Fernando Gonzalez Yli-Mäyry, Tomas Tanskanen, Karri Seppä, Anna L V Johansson, Charlotte Wessel Skovlund, Lina Steinrud Mørch, Søren Friis, Simon Mathis Kønig, Tom Børge Johannesen, Tor Åge Myklebust, Sasha Pejicic, David Pettersson, Eva María Guðmundsdóttir, Sirpa Heinävaara, Nea Malila, Joonas Miettinen, Johan Ahlgren, Giske Ursin, Janne Pitkäniemi
During the first year of the COVID-19 pandemic, reported cancer cases declined in the Nordic countries, potentially reflecting delays in cancer diagnosis. We compared 1-year relative survival (RS) and excess mortality of patients diagnosed with cancer in the Nordic countries in March-December 2020 with that expected based on patients diagnosed in 2011-2019. We used flexible parametric RS models, defining excess mortality as the difference in total mortality between patients with cancer and the national population without cancer. We report the ratio between the observed and expected excess mortality (EMR) and the difference in 1-year RS in percentage points (pp) by country, age, sex, and cancer site. Excess mortality of patients diagnosed during the pandemic was increased in all Nordic countries except Iceland. Swedish men had the highest EMR of 1.12 (95% CI 1.06, 1.17), corresponding to a 1.4 pp reduction in 1-year RS (87.1%-85.8%). In women, the highest EMR was 1.10 (95% CI 1.03, 1.18) in Norway, corresponding to a 1-year RS decrease of 1.2 pp (86.6%-85.5%). The largest site-specific decreases in 1-year RS were observed for liver cancer in Finnish and Swedish men, with decreases of 10.2 pp (45.3%-35.1%) and 7.2 pp (55.7%-48.5%), respectively. We found reduced 1-year RS among Nordic patients diagnosed with cancer during the COVID-19 pandemic in 2020, especially in older patients and those with aggressive cancers. These reductions coincided with restrictions and potential delays in seeking healthcare.
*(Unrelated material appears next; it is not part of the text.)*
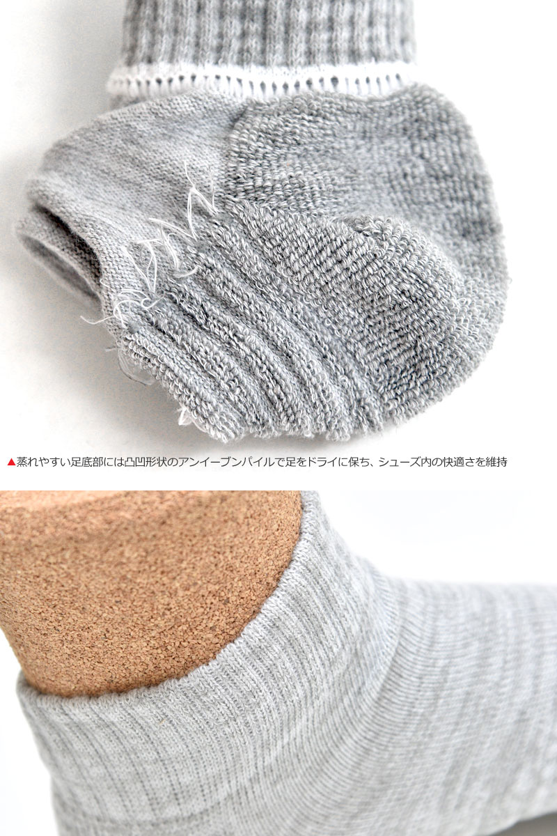 臭いの発生を抑える抗菌防臭機能と吸汗速乾機能を備え、蒸れやすい足底部には凸凹形状のアンイーブンパイルを入れることで足をドライに保ち、シューズ内の快適さを維持します 素材コットン/ポリエステル/ポリウレタン 生産国ベトナム製 主な仕様・アンイーブンパイル ・抗菌防臭加工 ・吸汗速乾性 ・アーチサポート ・くるぶし上丈 ・3足パック サイズXS:21-23cm S:23-25cm M:25-27cm L:27-29cm [N]ネイビー [GM]グレーモク [W]ホワイト [K]ブラック [B]ブルー 注意事項 ※商品・商品画像についての注意事項はこちらもご確認ください 関連キーワード 靴下 ソックス スニーカーソックス アンクルソックス くるぶし丈 アウトドア トレッキング ハイキング キャンプ 山登り トレイル ランニング スポーツ トレーニング フィットネス トラベル 旅行 通勤 通学 部活 サイクリング 自転車 男女兼用 ユニセックス ■ショート丈もあります

在2019冠状病毒病大流行的第一年,北欧国家报告的癌症病例有所下降,这可能反映了癌症诊断的延误。我们比较了北欧国家2020年3月至12月诊断为癌症的患者的1年相对生存率(RS)和超额死亡率与2011-2019年诊断的患者的预期生存率。我们使用灵活的参数RS模型,将超额死亡率定义为癌症患者与全国无癌症人口之间总死亡率的差异。我们报告了观察到的和预期的超额死亡率(EMR)之间的比率,以及按国家、年龄、性别和癌症部位计算的1年生存率的百分点(pp)差异。除冰岛外,所有北欧国家在大流行期间诊断出的病人的超额死亡率都有所增加。瑞典男性的EMR最高,为1.12 (95% CI 1.06, 1.17),相当于1年生存率降低1.4个百分点(87.1%-85.8%)。在女性中,挪威的EMR最高为1.10 (95% CI 1.03, 1.18),相当于1年的RS下降了1.2 pp(86.6%-85.5%)。芬兰和瑞典男性肝癌患者的1年生存率下降幅度最大,分别下降了10.2 pp(45.3%-35.1%)和7.2 pp(55.7%-48.5%)。我们发现,在2020年COVID-19大流行期间诊断为癌症的北欧患者中,1年RS减少,尤其是老年患者和侵袭性癌症患者。这些减少与寻求医疗保健的限制和潜在延误同时发生。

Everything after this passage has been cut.